Никто не ответил. Ему и не нужен был ответ. Он откуда-то знал, что эта земля и не была запретной, а единственная цель запрета на другие земли — привести Короля с Королевой сюда, к назначенному им престолу. Вместо ответа боги сказали: «Молчи».
Глаза его так привыкли к мягкому свету Переландры, что он уже не отличал его от яркого земного дня. Поэтому он с изумлением увидел, как горы на той стороне долины потемнели, словно за ними начиналась наша, земная заря. Через мгновение по земле пролегли четко очерченные тени, длинные, как тени раннего утра, и у каждой твари, у каждой горы, у каждого цветка появилась темная и светлая сторона.
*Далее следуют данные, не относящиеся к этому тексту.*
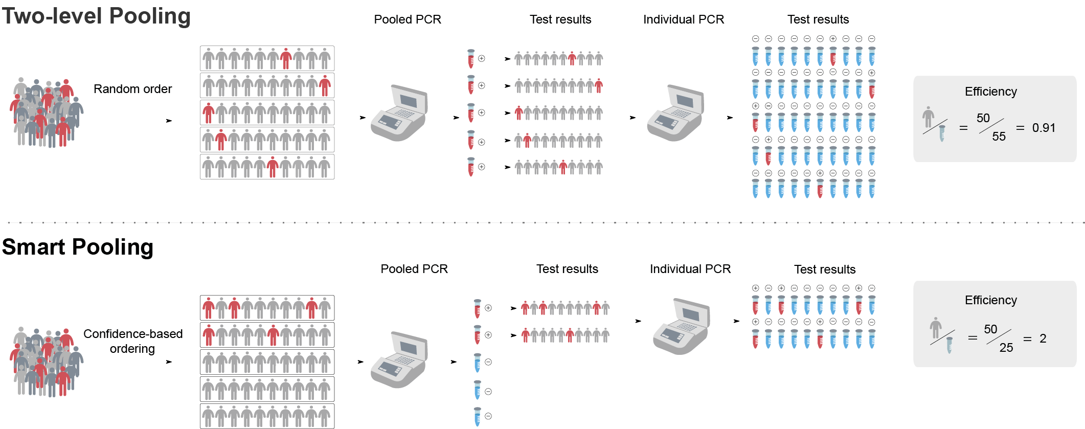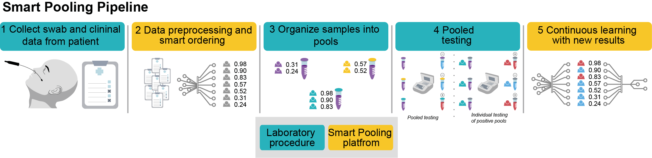 Smart Pooling es un sistema de Inteligencia Artificial (IA) que nos permitirá mejorar de una manera increíble el número de pruebas de COVID-19 que se pueden realizar cada día en Colombia y en el mundo, sin necesidad de reactivos moleculares adicionales y sin ningún costo. Si desplegáramos Smart Pooling mañana en Colombia, podríamos multiplicar por tres el número de pruebas que se hacen al día en el país sin ningún costo, es decir, transformaríamos inmediatamente nuestra capacidad de lucha contra la pandemia.

Свет поднимался по склону горы, свет заполнял долину. Тени исчезли. Воцарился дневной свет, идущий неведомо откуда. Рэнсом узнал и запомнил, как свет покоится на святыне, но не исходит от нее. Свет достиг совершенства и замер, покойно, как король на престоле, как вино в кубке. Он наполнил цветущую чашу долины, он наполнил все и осветил святая святых, самый рай в двух лицах. Двое шли рука об руку. Сияя, как изумруды (блеск не мешал смотреть), — они вышли из прохода между двумя горами и застыли на мгновение. Мужчина поднял руку, приветствуя подданных, как царь, и благословляя их, как жрец. Они прошли еще несколько шагов, остановились по ту сторону озера, и боги опустились на колени, сгибая высокие тела перед маленькими фигурками Короля и Королевы.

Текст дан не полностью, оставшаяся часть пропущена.